Bart McKenna's on a boat.

Is this that game where
I add a sentence to yours

- and we make a story?
- The Ponzi guy...

He's stuck on a cruise ship
in the middle of the Hudson.

Eastern is trying to make that case.

Yes, but they haven't yet.

And he's incorporated in Manhattan.
Several of his victims are here,

so if I get that boat to dock
in Manhattan,

we can claim venue as much as they can.

You're trying to steal this case?

Trying to get off the bench,

get you a win, get myself a game ball.

I hate sports metaphors.

But I like what you're saying.

You want me to go after this?

- Yes.
- Great.

If you steal a case for the Southern,
that's good for me, and if you blow this,

then I can feel less guilty
about making you pay

for parading your mom through my office.


You wanted to see me.

You need to respond
to that press conference.

I thought we didn't want press.

We didn't want press,
but now there's press,

and it's not the press we want,
so you need to respond.

I think that's a mistake.

Didn't you think it was a
mistake not to go to the press?

Before she made a move, yes.

But now she's a made a move, a big one...

outside the lines.

When you go outside the lines,

there can be unintended consequences,

so let's see what they are
before we respond.

I didn't ask to see you.

I know.
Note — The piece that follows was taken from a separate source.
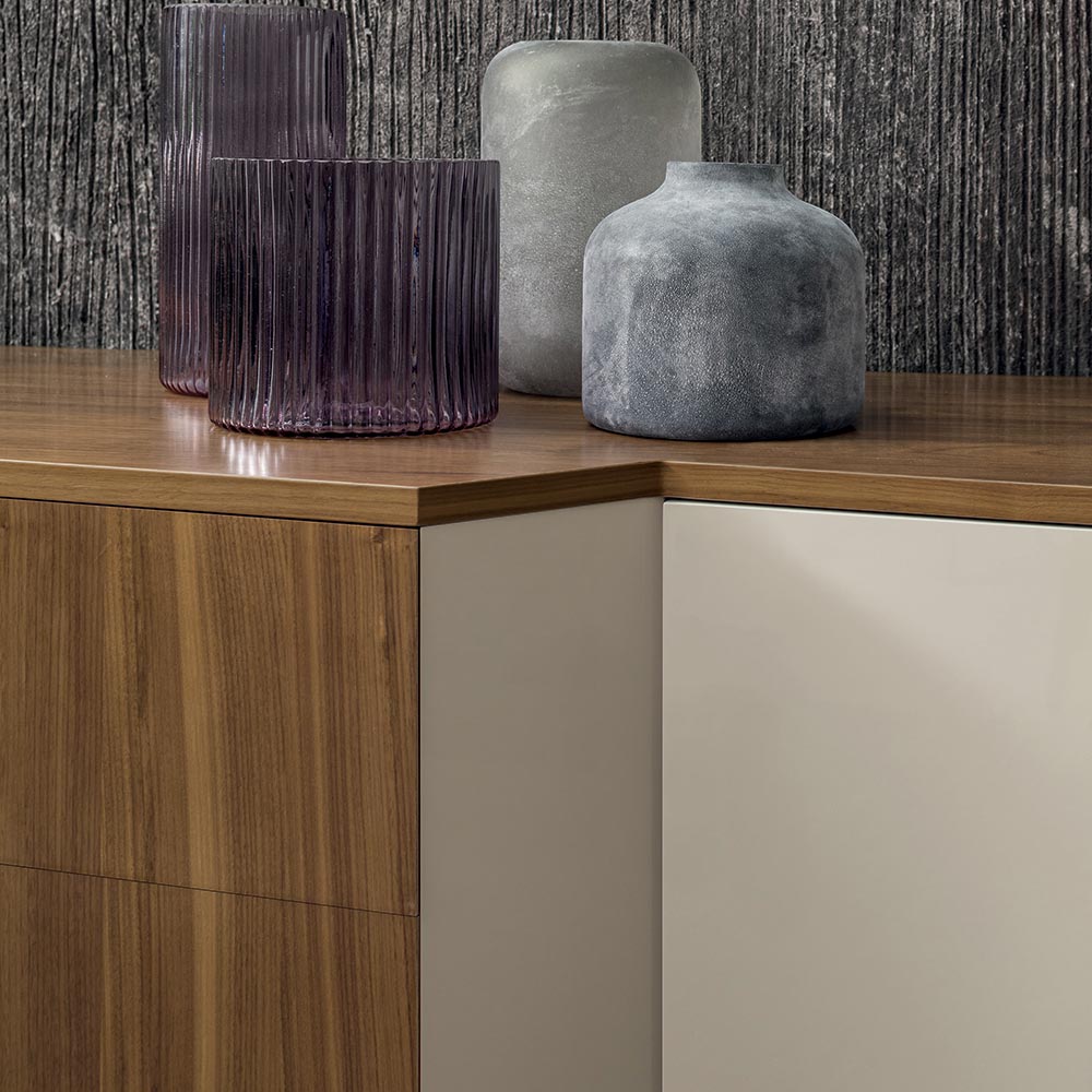 خزانة جانبية من خشب MDF مطلي بورنيش مع بابين وأدراج مركزية بارزة، تصميم صنع في إيطاليا.

I just knew you'd want to.

This algorithm Barish wants
to use is so far from objective

I can't even find a word to describe it.


It's called EVALUATE?

I evaluated EVALUATE,

and Keenan is now twice as
likely to get a max sentence

just because he's black, from Mott Haven,

and dropped out of high school at 15.

I've heard of these programs.

They're intended to remove bias.

The data is biased.

A computer doesn't know
that Mott Haven is policed

at a significantly higher rate
than Riverdale.

Maybe it does know.

But it can't possibly know why.

This software has no historical context.

It can't account for slavery,
Jim Crow, Reaganomics,

the war on drugs,
a crumbling education system...

- 10 more seconds.
- What?

10 more seconds of preaching
to the choir,

and then you have to decide what to do.

You have to defend Keenan

as vigorously as you can, of course,

but you also have to consider
whether Judge Barish

is going to listen to you,
whether she's dug in,

whether your digging in is
gonna make it worse for Keenan.

You have to be realistic.


Keenan didn't finish high school

because his mom's MS went
into hyperdrive.

He ha to work so his brother

could keep playing travel football.

Keenan thinks his brother can
get a college scholarship,

and if he lived one block over,
he'd be in a better zip code,

according to that stupid machine.

Then you've decided.


Fight the machine.


Has she called to make a deal?

She will.

Did you know Kate was
Secretary General of the U.N.?

Uh, in high school, model U.N.,
but still...

Uh... what happened at sentencing?




I'll be right there.

- Kate?
- No.

I saw you on the news.

They let us watch some TV.

I'm trying to put some pressure
on the government

to bring them to the table.


And I haven't heard from them yet.


I don't want a deal.

What are you talking about, Dani?

You called me a hero.
I wasn't trying to be.

I mean, it wasn't like
I wanted to get caught,

but I was.

And now I'm hearing from people...

people who need someone to listen, and...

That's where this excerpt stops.